Henri Bergson, William James parmi les philosophes, Romain Rolland, René Daumal, Aldous Huxley parmi les écrivains ont défini la communion mystique comme la fondation de toute religion. Les croyances et les rites étant alors perçus comme des ajouts superflus. Ces personnalités ont contribué à une approche moderne de la mystique.

Carl Gustav Jung dans l'approche psychanalytique et Mircea Eliade dans l'histoire des religions ont contribué à une rigueur intellectuelle dans l'étude du mysticisme.

D'autre part, une approche anthropologique initié par Claude Levi-Strauss en a établie des structures élémentaires, et associé a certaines notion sociologique comme la participation mystique celé a permis de faire le lien avec les mécanismes élémentaires du fonctionnement social humain.

La transposition au chamanisme et autres formes «premières»

Cette large notion regroupe la totalité des pratiques à travers le monde qui visent à exprimer ou à faire ressurgir la vérité cachée, en utilisant divers moyens qui sont toujours liés à une forme de transe.

L'origine de ces pratiques remonte à la préhistoire, et on en retrouve de nombreuses formes actuelles à travers différentes désignations : le chamanisme du chamane désigné comme tel en Amérique du sud, en Sibérie, ou encore au Tibet, mais également les pratiques du sorcier qu'on retrouve au cœur des mystiques africaines et en Amérique du nord.

Fréquemment ces transes ont été intégrées aux pratiques mystiques religieuses, et on les retrouve intégrées à diverses formes de bouddhisme tibétain.

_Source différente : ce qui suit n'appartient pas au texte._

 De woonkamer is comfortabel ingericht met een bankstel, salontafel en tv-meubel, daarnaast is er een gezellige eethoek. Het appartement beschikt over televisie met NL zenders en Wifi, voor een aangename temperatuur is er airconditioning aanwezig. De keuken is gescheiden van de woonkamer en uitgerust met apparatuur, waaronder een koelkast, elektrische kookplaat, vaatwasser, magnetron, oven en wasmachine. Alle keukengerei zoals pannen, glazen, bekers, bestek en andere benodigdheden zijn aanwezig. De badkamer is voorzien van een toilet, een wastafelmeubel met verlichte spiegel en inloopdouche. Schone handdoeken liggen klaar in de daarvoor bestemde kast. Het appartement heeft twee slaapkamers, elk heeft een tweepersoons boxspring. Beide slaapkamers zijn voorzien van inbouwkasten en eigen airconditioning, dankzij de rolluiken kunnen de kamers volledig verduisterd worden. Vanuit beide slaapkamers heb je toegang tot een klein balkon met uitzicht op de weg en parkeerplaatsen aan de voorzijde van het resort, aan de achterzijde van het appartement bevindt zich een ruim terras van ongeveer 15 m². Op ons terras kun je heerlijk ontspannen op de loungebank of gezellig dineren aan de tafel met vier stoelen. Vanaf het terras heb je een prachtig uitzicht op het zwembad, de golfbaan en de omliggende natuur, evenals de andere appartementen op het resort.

Le Yi jing, qualifié d'art divinatoire, est un exemple de stade intermédiaire entre le chamanisme (qui en est à l'origine), et diverses formes mystiques qui en découlent, dont le taoïsme.

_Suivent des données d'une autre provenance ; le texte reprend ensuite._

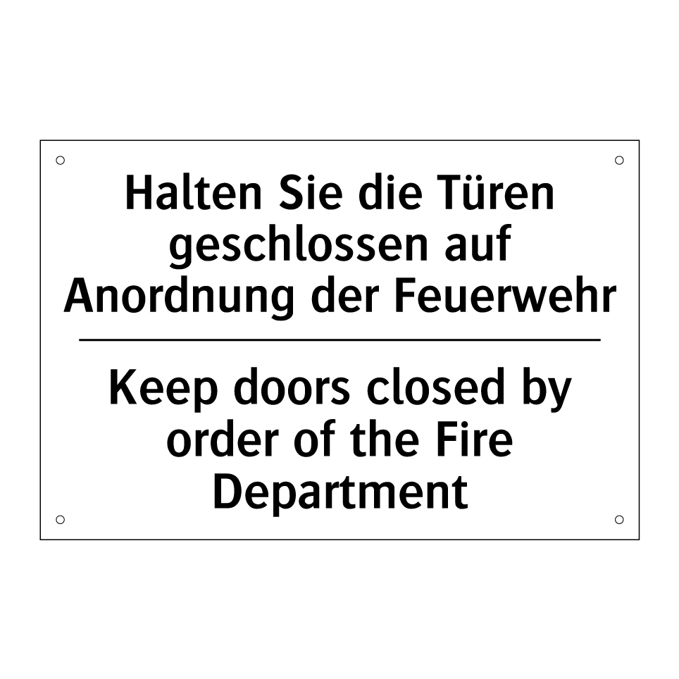 Zweisprachiges Verbotsschild mit deutschem Text Halten Sie die Türen geschlossen auf Anordnung der Feuerwehr und englischem Text Keep doors closed by order of the Fire Department

En Europe on connaît l'intensité des pratiques divinatoires et de transe dans la Grèce et la Rome antique (par exemple celle de la Pythie), mais on la retrouve aussi dans chacune des cultures des peuples barbares (ce qui veut dire étranger à ces derniers). Par exemple dans la culture celte.

Critiques du mysticisme

On a fréquemment reproché aux diverses formes de mystiques, surtout à la Kabbale ainsi qu'à la mystique chrétienne, d'être des spéculations intellectuelles pures. La majorité des mystiques apparurent cependant en réaction à une intellectualisation religieuse (c'est le cas de la Kabbale qui apparaît en Espagne en réaction à la philosophie de Maïmonide) ou à une forme de fanatisme religieux.

L'ascèse du mystique peut parfois glisser vers une forme de dolorisme : chez certains mystiques et surtout des mystiques chrétiens (par exemple chez Thérèse d'Avila) la «connaissance de Dieu» semble devoir passer par une certaine glorification de la souffrance.

Personnalités mystiques

Personnalités ayant communiqué sur le sujet du mysticisme

Observateur, ayant apporté un regard direct (interne ou externe) sur la mystique.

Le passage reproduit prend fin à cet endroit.